I had a follow-up, but should I get back in the queue or not?
Okay. So in your press release, you guys talked about -- sorry, just lost earlier [ph], here we go, you talked about the nearing completion of the STC approval for, I guess, Avionics in Part 25 airplanes and also the other piece associated with the JET autopilot boards. Can you talk a little bit about timing and what your expectations are around that piece of business?

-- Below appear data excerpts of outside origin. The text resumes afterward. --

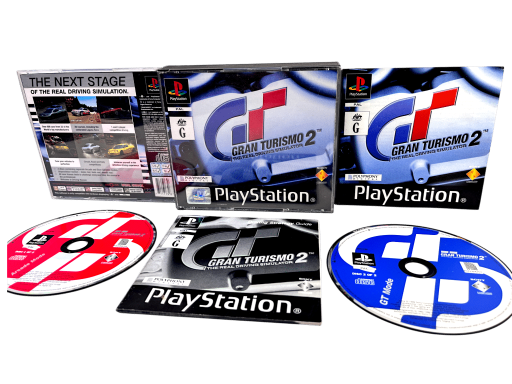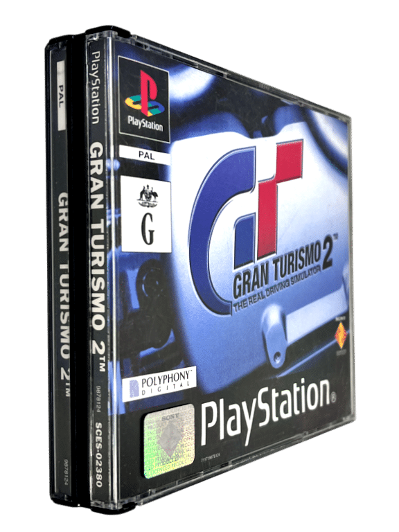 The Original Print (“Black Edition”, non-Platinum) in very good condition & including both discs and the colour instruction manual: GRAN TURISMO 2 for SONY PlayStation / PS1. This preowned game includes each of the case + covers (both front and back cover slips) + COLOUR MANUAL + 2 x game discs. The discs are in good condition with mild markings and faint superficial scratches only, and all other contents are very tidy. The Black and White Manual is NOT included. Only the Colour version of the instruction manual.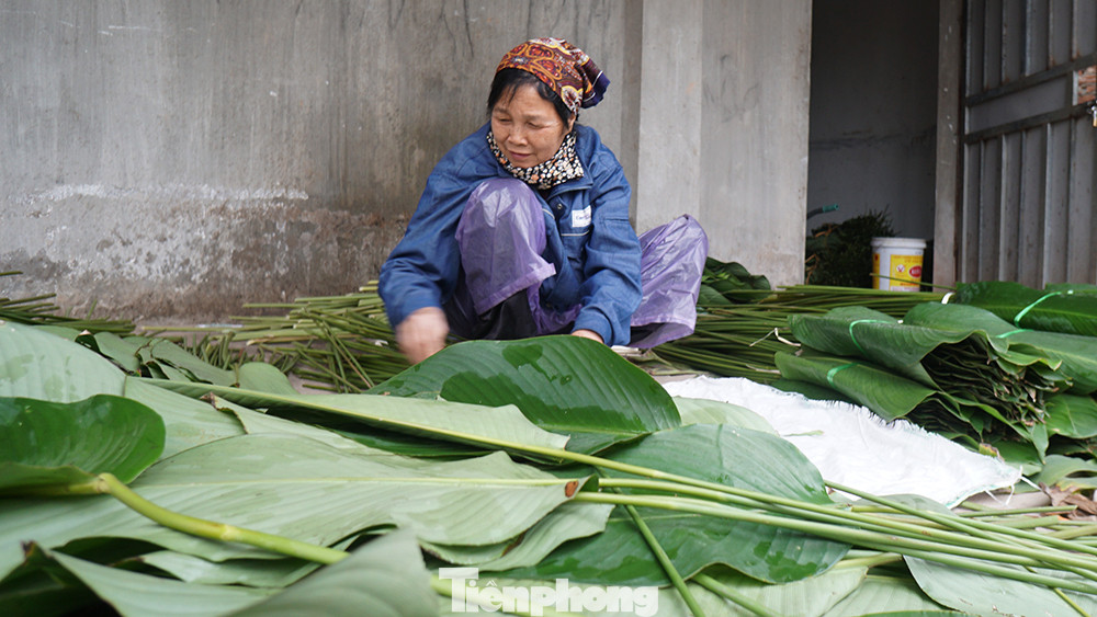Lá dong sau khi được phun rửa sạch sẽ để phơi khô ráo nước rồi bó lại từng bó chờ thương lái đến mua hoặc tự vận chuyển đến những nơi cần tiêu thụ. Theo người dân ở đây, lá sau khi cắt để được 20 ngày, mỗi ngày tưới một ít nước. Hiện tại các gia đình trong thôn phần lớn là cắt lá dong ở vườn về rồi xếp loại, bó thành từng bó nhỏ với số lượng 100 lá. Thời điểm đầu vụ, giá dao động từ 100.000 đến 120.000 đồng/100 lá tùy thuộc vào to hay nhỏ.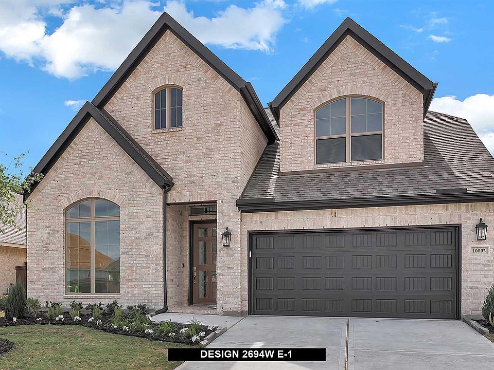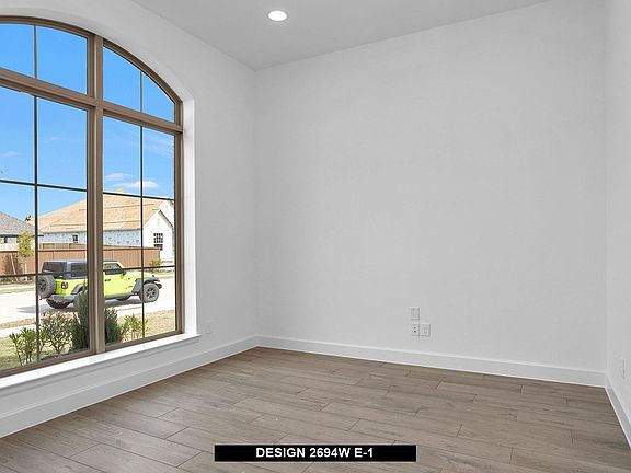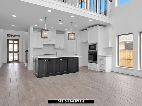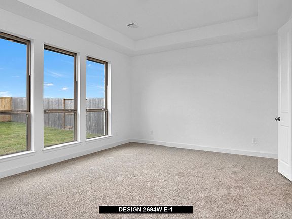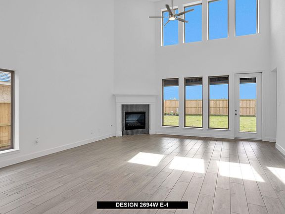 Home office with French doors and 11-foot ceiling set at two-story entry. Open kitchen features deep walk-in pantry and generous island with built-in seating space. Dining area opens to two-story family room with a wood mantel fireplace and wall of windows. Primary suite includes bedroom with 10-foot tray ceiling. Double doors lead to primary bath with dual vanity, garden tub, separate glass-enclosed shower and large walk-in closet. An additional bedroom is downstairs. Secondary bedrooms and game room with 10-foot tray ceiling are upstairs. Covered backyard patio. Mud room off two-car garage.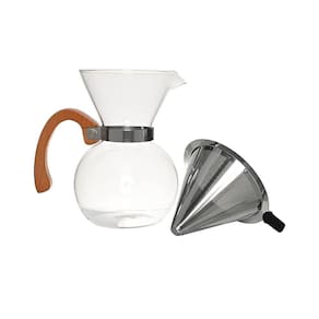 Passador Café Vidro Coador Alça Madeira 650ml Mimo Style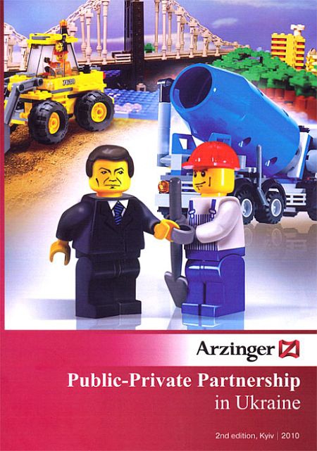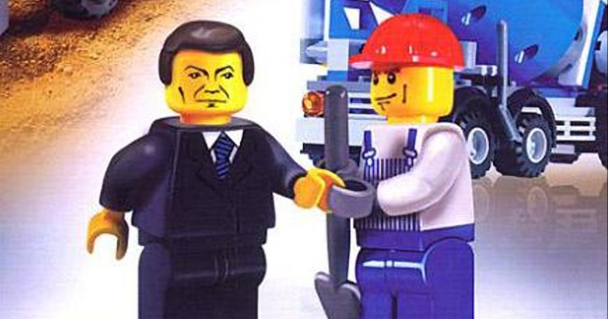 Так компания "Arzinger" представила плакат, на котором изображен лего-человечек, похожия на Януковича, пожимающий руку рабочему.Материал представлен на III Международном инвестиционном саммите Donbass Investment Destination "Государственно-частное партнерство в контексте новой экономической политики Украины", в которм также принимает участие сам Янукович.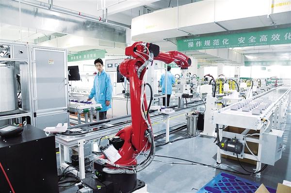 位于川匯區(qū)的河南宇虹物聯(lián)網(wǎng)科技有限公司年產(chǎn)100萬塊熱力智能傳感器生產(chǎn)項目,總投資1.5億元,主要生產(chǎn)智能超聲波熱量表。目前,該項目已投產(chǎn)運營,滿產(chǎn)后預計年產(chǎn)值2.6億元,實現(xiàn)年利稅3600萬元。圖為工人在生產(chǎn)線上操作機器人加工產(chǎn)品。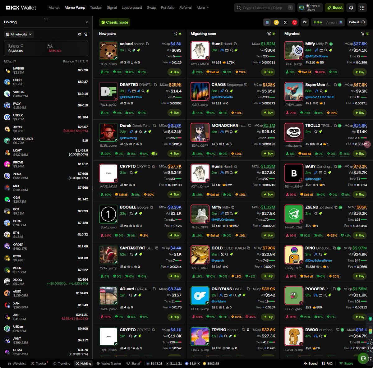 3️⃣ 目前支持 Solana/Base/X Layer/Bsc 这四个链的 meme 交易,无需跨链/提币/准备 GAS 等繁琐步骤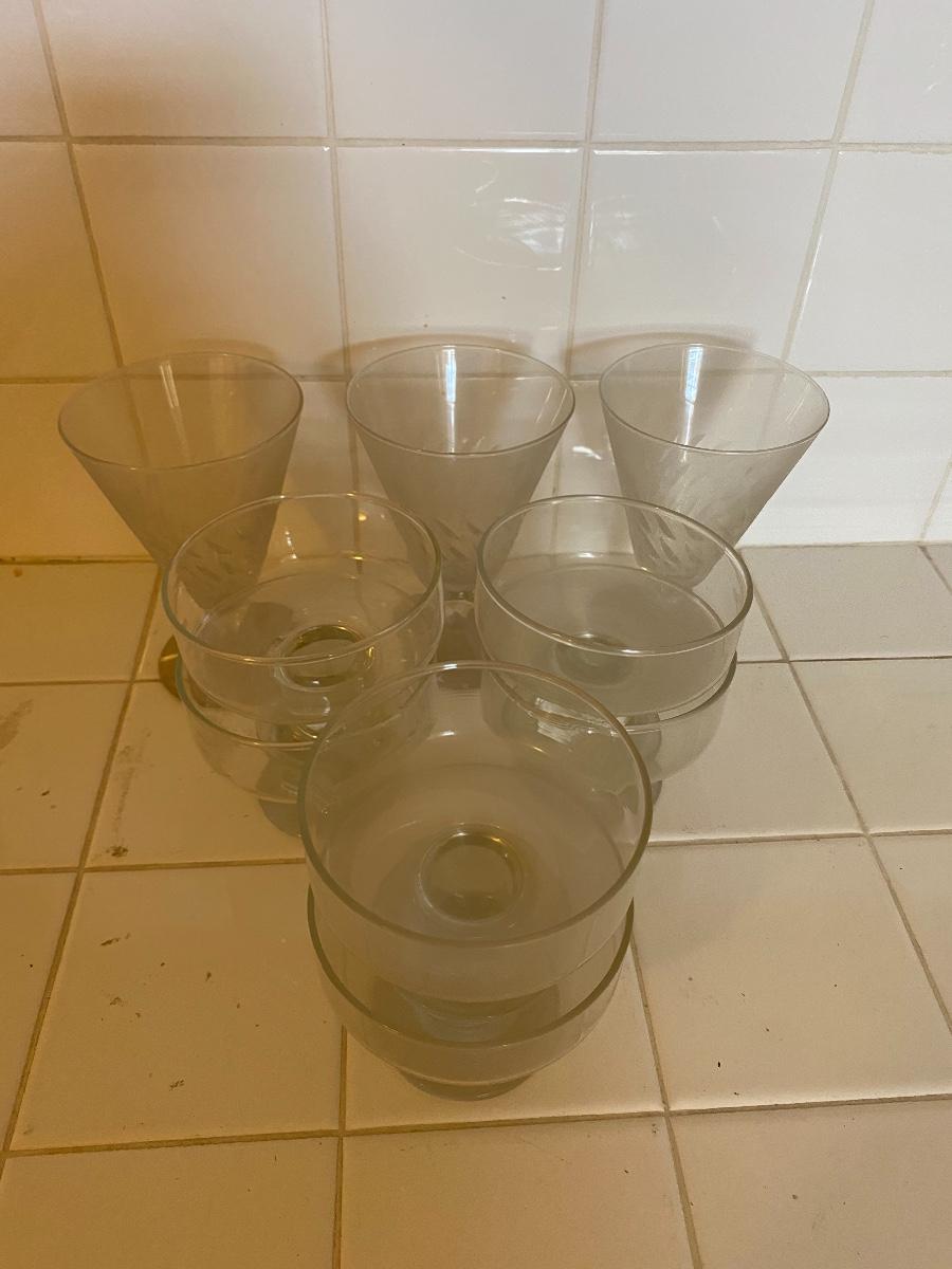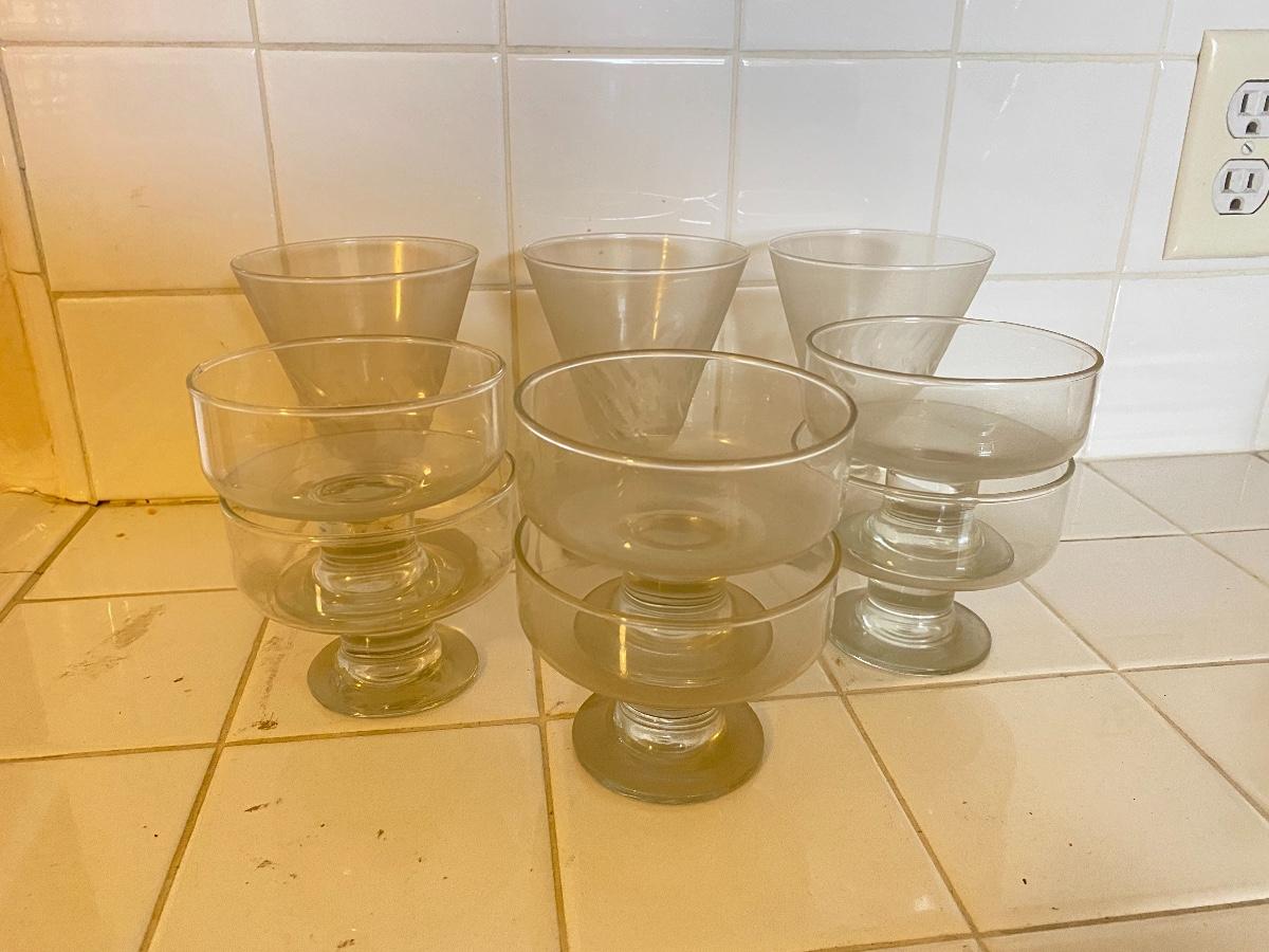 Clear Glass Desert Parfait Berry Bowls. Dusty from cupboard.

I think we're -- from additional Avionics and that net to the Part 25 STC we're working on, we're probably looking at a May time frame for getting an STC completed. We're about to go into the flight testing phase and then we'll wait for the approvals from there. So that's probably looking at a May time frame. The autopilot boards, we're in the process of starting the marketing effort for those. I think we're getting close to a point here in the very near future on autopilot boards to see what kind of market we've got there. The downside of that is that's for an airplane, that recent aviation bill that got signed by the President on these older Learjets that aren't Stage 3 noise compliant. It says that they can't be flown after December 2013. So that adds an additional challenge for those airplanes. And those will have to -- we're more looking for the international market on those. And most of those airplanes, I think will either -- some of them will get parked, but some of them will go to South America and Mexico where they don't have that restriction on them.
So in terms of the scale of the opportunity with these 2 items, do you have any idea of what you -- or what are you guys modeling in terms of what you think this can generate in annual, either sales or margins?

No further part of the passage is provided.